The book had to ride this balance. I needed to make sure the book never got too over-explanatory because I thought that would violate one of the main deepest principles of Zen, which is we all are enlightened already inside of us and the way we are in the world it's just our expression of that.
So no one's lacking anything at the outset. You don't have to become enlightened. You are enlightened in how maybe you run or work in the world. I had to listen to the book and I had to really write from that Zen place. In the end, the Zen learning that I absorbed and applied to my running, I applied in the same way to writing this book.

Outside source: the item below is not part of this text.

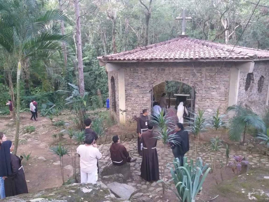 No período da tarde, fizeram uma caminhada a fim de conhecer um espaço da Fazenda da Esperança onde existe uma Capela de Pedra e um riacho. Concluíram o dia com a Noite Fraterna, celebrando a vida e a vocação.

Question. On the fitness side, we talked about what's next. Do you have a plan for what's next on your writing side?
Answer: I have a few books I'm working on. One book that I'm actively working on is called “How to Disappear.” I won't say any more about that except that disappearing in two definitions of the word, both vanishing into that flow state, which is I think what we all seek and that maybe that's the true freedom is finally we're so ourselves and we're so essentially our true nature that we disappear, and I've experienced that in running where it's no longer me, I'm just the thing I'm doing. But then the darker side of disappearing is how we can make ourselves small. And certainly as women, I think that that has been a big story and have disappear ourselves to not make waves or to not ruffle feathers.
I'm also working on a screenplay, adapting “Running Home” for the screen. And it's going to be a lot of vintage '70s era vibes, which I love. I see that book so much in my mind as pictures because I think so much of it springs from my father's amazing photographs.
Question: Well, Katie, I appreciate all the time. Anything we didn't touch on that you want to mention?
Answer: There are so many layers to this book. In the way that my first book was really about my relationship with my father, I think life is relational. That's why it's beautiful. We are humans with human hearts. This story is very much an exploration of marriage and loving someone through the hard times and the times when you're top down to zero. But spoiler alert, it has a happy ending.